[TASK PROMPT] Transcribe the listing exactly as written. Leave the images out.

[SUPPLIED DATA]
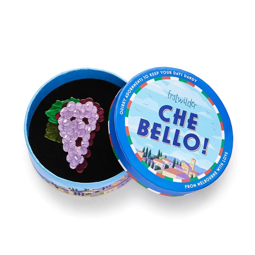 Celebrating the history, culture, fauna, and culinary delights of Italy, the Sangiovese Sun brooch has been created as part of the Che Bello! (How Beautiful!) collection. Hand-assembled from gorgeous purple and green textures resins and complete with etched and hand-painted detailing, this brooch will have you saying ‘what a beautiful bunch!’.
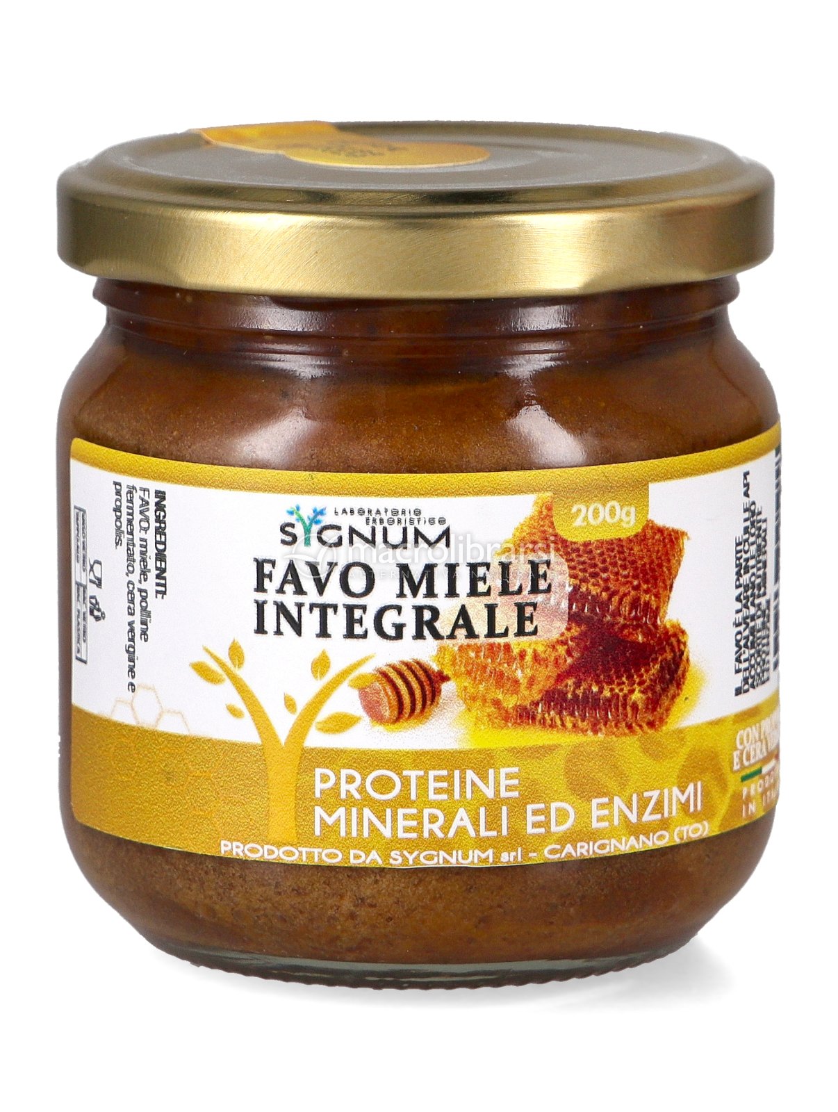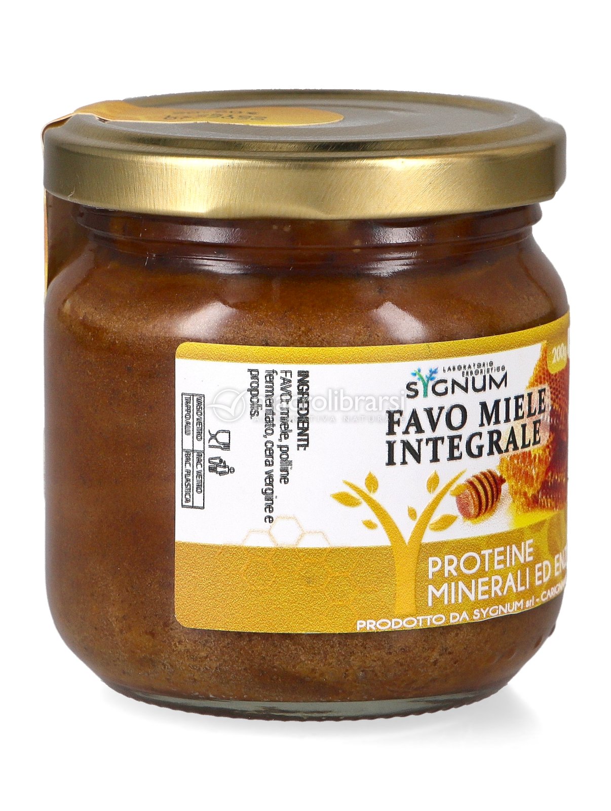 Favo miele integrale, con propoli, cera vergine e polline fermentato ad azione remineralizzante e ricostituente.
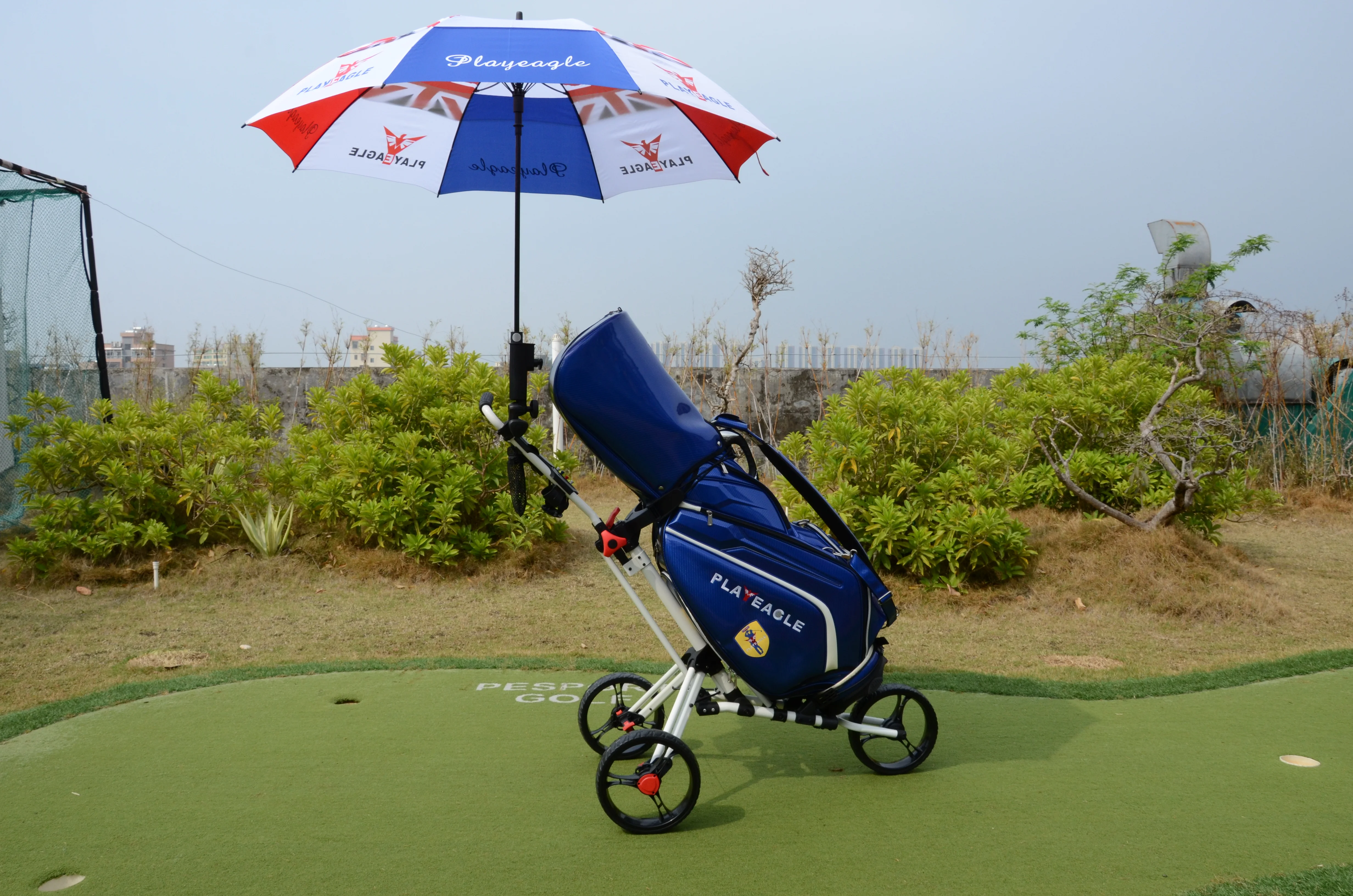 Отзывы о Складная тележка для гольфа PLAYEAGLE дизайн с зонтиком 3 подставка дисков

[RESPONSE AREA]
 Celebrating the history, culture, fauna, and culinary delights of Italy, the Sangiovese Sun brooch has been created as part of the Che Bello! (How Beautiful!) collection. Hand-assembled from gorgeous purple and green textures resins and complete with etched and hand-painted detailing, this brooch will have you saying ‘what a beautiful bunch!’.
 Favo miele integrale, con propoli, cera vergine e polline fermentato ad azione remineralizzante e ricostituente.
 Отзывы о Складная тележка для гольфа PLAYEAGLE дизайн с зонтиком 3 подставка дисков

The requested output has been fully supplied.